== DATA BLOCK ==
== Segment start ==
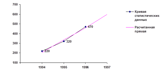Из графика видно что в 2005 году теоретический объем спроса составит 600 единиц продукции.
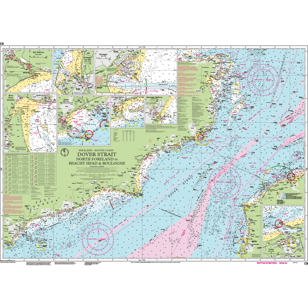 De Imray Chart C9 vouwkaart van de Britse kaartenmaker Imray bestrijkt de verbinding van Beachy Head baken bij Eastbourne naar het Isle of Wight. De maart 2022 editie van de C9 is gecorrigeerd. In deze editie is de specificatie van de kaart verbeterd om gekleurde lichtflitsen weer te geven. De dieptes zijn bijgewerkt aan de hand van de laatste peilingen en de voltooide werkzaamheden in het windmolenpark Rampion zijn aangegeven. Alle kaarten zijn gedrukt op stevig en watervast papier. De nautische kaart meet 787 x 1118 cm en de schaal is 1 : 110.000.
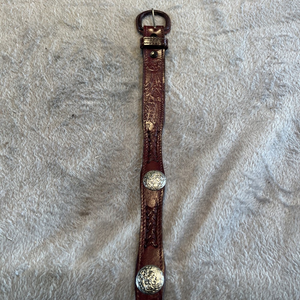This vintage brown western style belt with conchos in size 30 is made of leather with studded accents, giving it a unique and stylish look. The 1-inch belt width and western-themed hardware make it a classic piece for both men and women. Perfect for adding a touch of cowboy flair to any outfit, this belt is a timeless accessory for those who appreciate vintage American style.
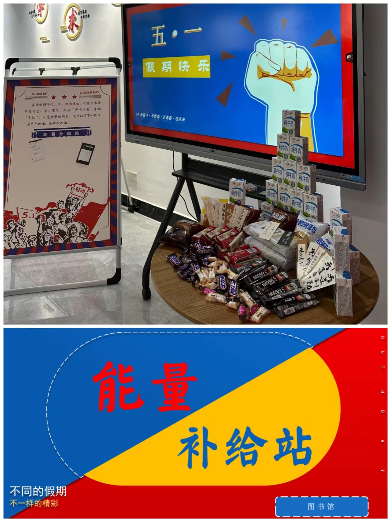 图书馆是大学学习的一个重要资源,是学生提升自我的重要场合,很多知识的学习和探索都发生在图书馆里。彭洪斌先生曾言,责任可以让我们把事情做完整、爱可以让我们把事情做得更好。在五一小长假到来之际,图书馆特举办“能量补给站”五一主题活动,为五一期间坚持到馆学习的同学们提供能量补给,表达关怀。
== Segment end ==
== ABOUT THIS TASK ==
Give the data again exactly as written, with all pictures left out.

== TASK RESPONSE ==
Из графика видно что в 2005 году теоретический объем спроса составит 600 единиц продукции.
 De Imray Chart C9 vouwkaart van de Britse kaartenmaker Imray bestrijkt de verbinding van Beachy Head baken bij Eastbourne naar het Isle of Wight. De maart 2022 editie van de C9 is gecorrigeerd. In deze editie is de specificatie van de kaart verbeterd om gekleurde lichtflitsen weer te geven. De dieptes zijn bijgewerkt aan de hand van de laatste peilingen en de voltooide werkzaamheden in het windmolenpark Rampion zijn aangegeven. Alle kaarten zijn gedrukt op stevig en watervast papier. De nautische kaart meet 787 x 1118 cm en de schaal is 1 : 110.000.
This vintage brown western style belt with conchos in size 30 is made of leather with studded accents, giving it a unique and stylish look. The 1-inch belt width and western-themed hardware make it a classic piece for both men and women. Perfect for adding a touch of cowboy flair to any outfit, this belt is a timeless accessory for those who appreciate vintage American style.
 图书馆是大学学习的一个重要资源,是学生提升自我的重要场合,很多知识的学习和探索都发生在图书馆里。彭洪斌先生曾言,责任可以让我们把事情做完整、爱可以让我们把事情做得更好。在五一小长假到来之际,图书馆特举办“能量补给站”五一主题活动,为五一期间坚持到馆学习的同学们提供能量补给,表达关怀。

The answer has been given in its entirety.